Beautiful Thing

Jonathan Harvey
Tobacco Factory Theatres in association with The Dukes Lancaster
Tobacco Factory Theatres, Bristol

Ted Reilly as Jamie Credit: Mark Dawson Photography
Tristan Waterson as Ste Credit: Mark Dawson Photography
Phoebe Thomas as Sandra and Ted Reilly as Jamie Credit: Mark Dawson Photography

It’s the 25th anniversary of Jonathan Harvey’s play, later a Channel 4 film, about a coming-of-age relationship between two adolescent schoolboys. In 1993, this celebration of love whatever its guise struck a chord with the LGBT community and challenged pervasive anti-gay sentiment. An AIDS epidemic was taking its toll and teaching about the acceptance of homosexuality in a family context was banned in schools.

Times have changed and so here has the message. Though the recently reported rise in hate crime is a reminder that today’s inclusive society may be little more than a veneer, Mike Tweddle’s nostalgic direction and the involvement of a community choir lends this revival a mood more homespun and heart-warming than revolutionary.
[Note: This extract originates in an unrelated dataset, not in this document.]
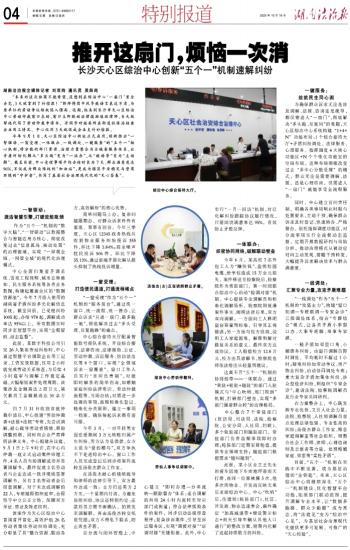 今年9月1日,天心区综治中心新址正式启用,创新推出“一智驱动、一窗受理、一体联办、一线调处、一键服务”的“五个一”核心机制,将分散的部门资源、治理力量整合为全链条服务体系,让矛盾纠纷化解从“多头跑”变为“一站办”,从“被动等”变为“主动解”。截至目前,中心受理事项平均办结时长为7天,群众满意度达96%,不仅成为群众维权的“加油站”,更成为辖区平安稳定与营商环境的“守护者”,书写了基层社会治理现代化的“天心答卷”。

Beautiful Thing charts the growing affinity of shy, bullied Jamie and sporty Ste, both living on a south London council estate. Jamie’s mum Sandra works all hours in a pub to make ends meet, his father has long-since vanished. Ste lives with an alcoholic father and drug-dealing brother. When he is abused one night for burning the bubble and squeak, Sandra takes Ste in, warning that the only space for him to sleep is top-to-toe with Jamie.

From here burgeons a teenage romance like any other, nervous and hesitant. Yet it’s layered with further sensitivities; each boy struggling to accept his own sexuality and vulnerable to the prejudices of the outside world. Ted Reilly and Tristan Waterson as Jamie and Ste convincingly portray this awkwardness, their tentative relationship developing within the confines of schooldays and the council estate.
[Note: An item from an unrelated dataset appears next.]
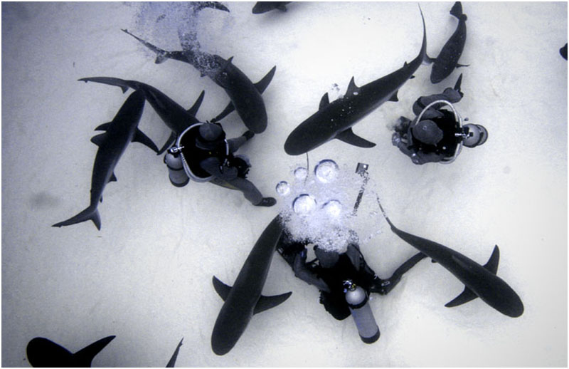 Cristina is clearly in charge as she and photographer Eddy Raphael descend to the staging area with Michael. They carry a specially designed tube containing the small fish that will be shark lunch today. This is a delicate time in the shark feeding course because if a diver is going to panic, this is when it is likely to happen.

Harvey’s writing is still sharp and funny: as Jamie reads aloud to Ste from the pages of his mum’s Hello magazine, the pair discuss Sally from Coronation Street. In a later scene, progressing to the listings in a gay magazine, Jamie tells Ste with confidence that frottage is a kind of yoghurt.

Anisha Fields’s understated set cleverly creates a council estate with concrete barriers and coloured metal frames and there’s a London Road vibe in the choir representing the estate’s inhabitants, complete with hanging baskets and potted plants. The music that underlines the action is a mixed medley: Mama Cass from the counter-culture of the sixties, a throwback to more experimental times, and nineties reminiscences in the soundtrack and a choral rendition of Nirvana’s “Smells Like Teen Spirit”.
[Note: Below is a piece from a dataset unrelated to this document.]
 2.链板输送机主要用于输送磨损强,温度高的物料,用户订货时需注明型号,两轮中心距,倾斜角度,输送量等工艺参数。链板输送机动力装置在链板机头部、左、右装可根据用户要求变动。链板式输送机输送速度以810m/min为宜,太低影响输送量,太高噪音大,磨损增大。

There’s little opportunity for the boys to escape; when they opt for the supposed anonymity of a gay bar, word spreads quickly. As in A View from the Bridge, Tweddle’s debut for the Tobacco Factory, the principal characters find themselves bound by strictures of class and community.

Yet support is found in unexpected places; from mouthy, trouble-making Leah, played with spirit by Amy-Leigh Hickman, from Sandra’s pseudo-hippy boyfriend Tony (Finn Hanlon) and eventually from spiky, battle-hardened Sandra (a wonderfully feisty Phoebe Thomas) herself. There’s more than one sort of love on display and the bond between mother and son that endures despite their fighting is poignantly reaffirmed.

Although its ending feels over-sweet and under-powered, this is an endearing revival and sentimental backwards glance that will resonate with anybody who grew up in the nineties. It may lack the cutting edge of Beautiful Thing’s original breakthrough but succeeds on the level of tenderly capturing the precious volatility of a first love that strives for acceptance against society’s prejudice.